German government advisers see only modest growth next year

By The Associated Press | November 8, 2023 | Last updated on November 8, 2023
2 min read

Germany’s economy will shrink by 0.4% this year and grow only by a relatively modest 0.7% next year, the government’s panel of independent economic advisers forecast Wednesday.

The panel joined several other forecasters in revising downward its outlook for Europe’s biggest economy. Its prediction for this year was in line with one issued by the government about a month ago, but next year’s forecast was considerably gloomier than the 1.3% the government expects.

In their previous outlook in March, the experts had forecast that gross domestic product would grow 0.2% this year and 1.3% in 2024.

The panel’s chair, Monika Schnitzer, said “the economic recovery in Germany is delayed — it is … still being slowed by the energy crisis and reduced real income caused by inflation.” She noted that central banks’ interest rate increases and economic weakness in China have made Germany’s trading environment more difficult, while the high interest rates are dampening investment and construction at home.

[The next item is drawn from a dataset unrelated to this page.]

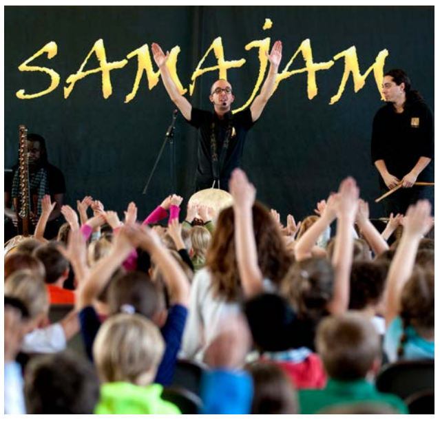
SAMAJAM: 14,000 CHILDREN IN 7 YEARS!

Considered the biggest musical project aimed at keeping kids in school, Samajam helps children from poor neighbourhoods and those coping with special challenges take part in a stimulating musical experience, as part of a weekly program of instrumental music, percussion, singing, dance and stage production.

Inflation in Germany has now fallen back to 3.8%, its lowest level since August 2021. People’s real income should increase next year, leading to higher private spending and “a cautious economic recovery,” Schnitzer said.

As well as the current economic headwinds, Germany has been grappling with other issues such as an aging population, lagging use of digital technology in business and government, excessive red tape that holds back business launches and public construction projects, and a shortage of skilled labor.

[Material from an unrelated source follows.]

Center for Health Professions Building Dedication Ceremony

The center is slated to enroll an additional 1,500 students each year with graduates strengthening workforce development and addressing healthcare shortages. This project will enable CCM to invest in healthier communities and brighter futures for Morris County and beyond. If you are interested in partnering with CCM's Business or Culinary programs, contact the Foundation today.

In its annual report, the advisory panel suggested that the country’s retirement age — which is currently being raised gradually to 67, a level it will reach in 2031 — be raised further in the future to take account of rising life expectancy.

It didn’t offer specifics, but panel member Martin Werding pointed to a possibility of raising the retirement age by six months every 10 years so that it would reach 68 in mid-century.